他来商云县,并非为了游山玩水,也非为了经商牟利,而是为了一份迟来的辩解,一份未凉的赤诚。三年前,他曾是朝堂之上最年轻的羽林卫副统领,深得陛下信任,随驾左右,锋芒毕露。彼时的他,鲜衣怒马,意气风发,以为凭一身武艺、一颗忠心,便能护得大靖河山安稳,护得陛下圣明无忧。可世事难料,一场突如其来的“通敌案”,将他从云端拽入泥沼——有人伪造书信,诬陷他暗中勾结北狄,泄露朝堂机密,证据“确凿”,朝野震动。陛下震怒,虽念及旧情未下死令,却也削去他所有官职,贬为庶民,流放三千里,而他的族人,也受牵连被削去爵位,流放边疆。

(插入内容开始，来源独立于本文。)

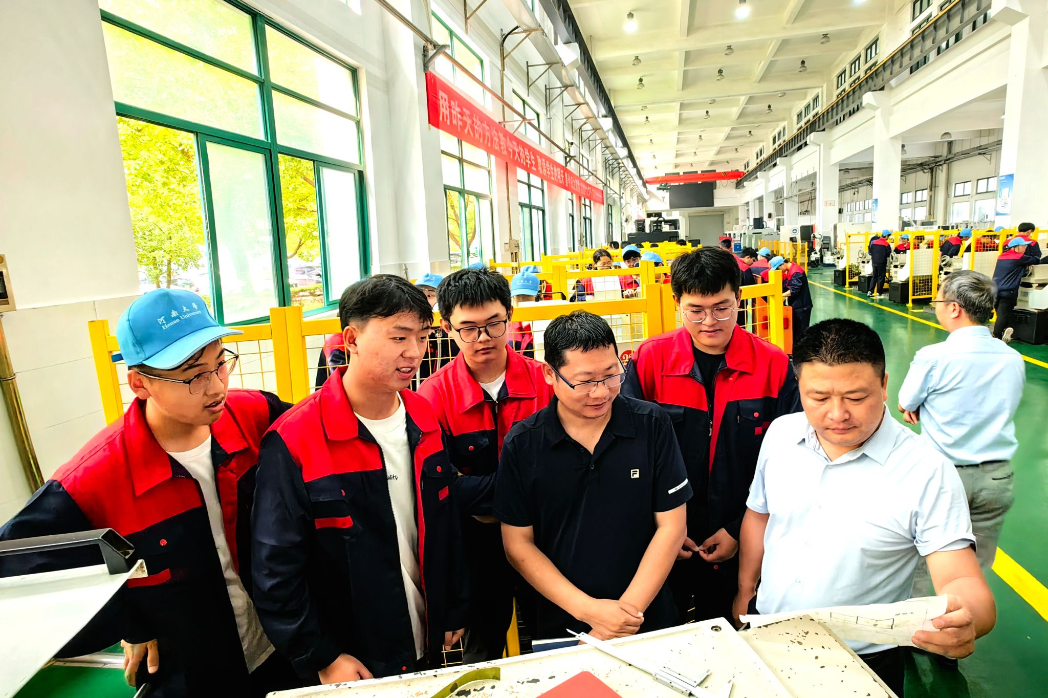9月5日上午,永利集团304am登录党委副书记宋永鹏、副院长赵海鹏及生物工程系主任刘宇鹏、系副主任李华到黄河水利职业技术学院,看望正在进行金工实习的2022级生物工程专业学生。此次金工实习是生物工程专业的实践基础课,共持续10天,旨在培养学生工程意识、动手能力和创新精神。
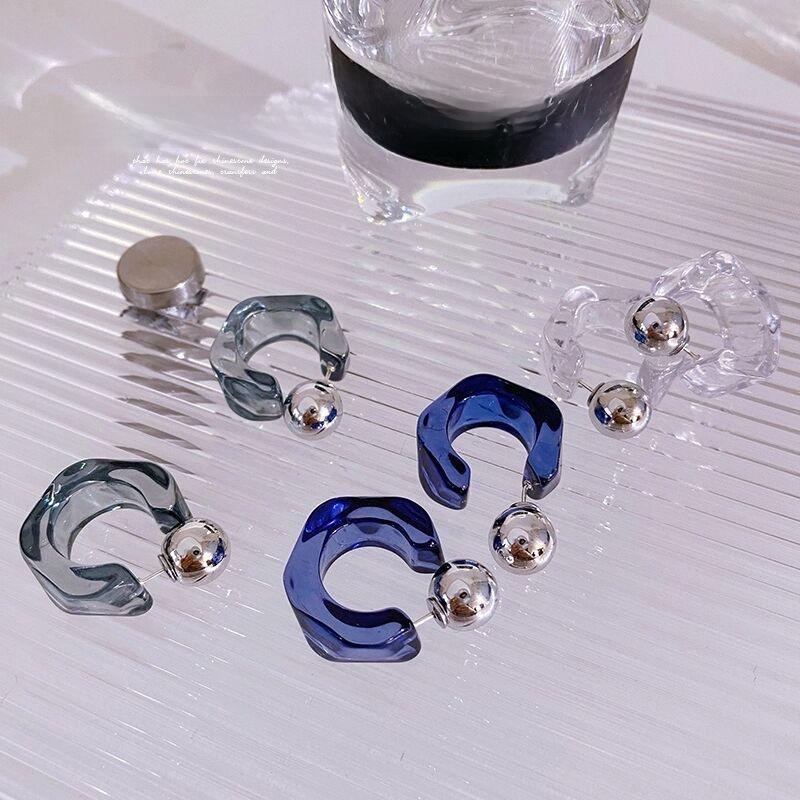 Серьги-клипсы из серебра 925 пробы в французском ретро-геометрическом стиле с акриловыми бриллиантами C-образной формы для женщин
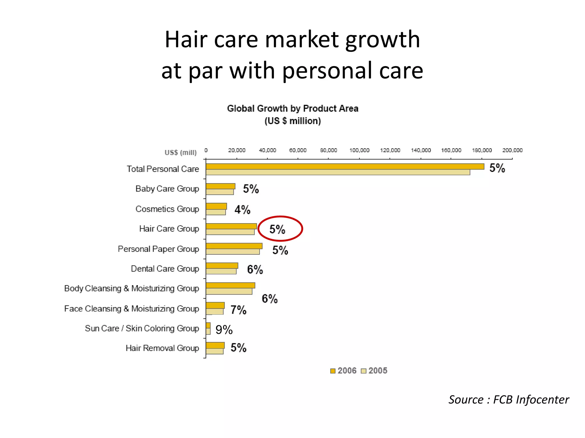 The document discusses key learnings from the international shampoo market. It finds that conditioners are the fastest growing category after shampoos, with the market growing at 9% annually. Major brands are differentiating through novelty, like Herbal Essences' redesign and Sunsilk's $200M launch supported by TV ads. Brands are also focusing messaging on how their products achieve beautiful hair through benefits like preserving natural beauty and improving hair condition. Six main consumer mindsets were identified, ranging from those seeking basic products to indulgence to specific treatments. Overall, the market shows a large value segment but an emerging premium one, with consumers continuously evolving in their expectations around product and media innovation to achieve beautiful hair.
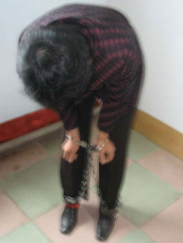 本人模拟演示:戴连体手铐脚镣(10多斤重)不能自己上厕所,走路直不起腰来

三年间,他颠沛流离,受尽磨难,却从未放弃寻找真相。他辗转得知,当年的“通敌案”并非偶然,背后牵扯着朝中一股隐秘的势力,而商云县,便是这股势力的一个据点,藏着能洗清他冤屈的关键证据。此次他乔装改扮,化名“苏言”,以游学书生的身份潜入商云县,一边躲避那股势力的追杀,一边暗中探查线索,只盼有朝一日,能重返朝堂,跪在丹陛之下,向陛下陈明冤屈,还自己与族人一个清白。

商云县的县衙坐落于县城中心,坐北朝南,朱红大门庄严肃穆,门口两侧立着两尊石狮,怒目圆睁,气势逼人。县衙正门之上,悬挂着一块鎏金匾额,上书“商云县衙”四个大字,笔力遒劲,透着为官者的威严。县衙之后,便是一座小型的行宫,乃是皇帝南巡或途经云州时,临时驻跸之地,虽不及皇宫巍峨,却也殿宇轩昂,戒备森严。萧琰站在县衙对面的长街上,抬眼望去,便能看到行宫的飞檐翘角,青砖黛瓦在阳光下泛着温润的光泽,那便是他曾经无数次随驾停留、遥望龙颜的地方。

他循着记忆,缓缓走到行宫东侧的丹陛之下。这丹陛不算高大,由青石板垒砌而成,台阶之上,便是行宫的正门,门口两侧站着身着大红绸驾衣的校尉,腰佩长刀,神色肃穆,目光警惕地扫视着过往行人,正是当年他麾下羽林卫的规制,只是如今,物是人非,那些校尉,早已不认得他这个曾经的副统领。萧琰拾级而上,脚步缓慢而沉重,每一步,都像是踩在过往的回忆里,踩在无尽的冤屈与怅惘中。

丹陛之上,视野开阔,能将商云县的全貌尽收眼底。远处,桑干河蜿蜒流淌,如一条碧绿的绸带,环绕着县城;近处,市井街巷纵横交错,青石板路上人来人往,商贩的吆喝声、行人的谈笑声、车马的铃铛声交织在一起,一派热闹景象。可萧琰的目光,却越过这繁华市井,落在行宫深处那座最高的殿宇上——那里,曾是皇帝召见朝臣、处理政务的地方,也是他当年无数次跪拜、聆听圣谕的地方。他仿佛又看到了陛下身着龙袍、端坐龙椅的模样,看到了自己身着铠甲、侍立一旁的身影,看到了朝堂之上君臣同心、共商国是的场景。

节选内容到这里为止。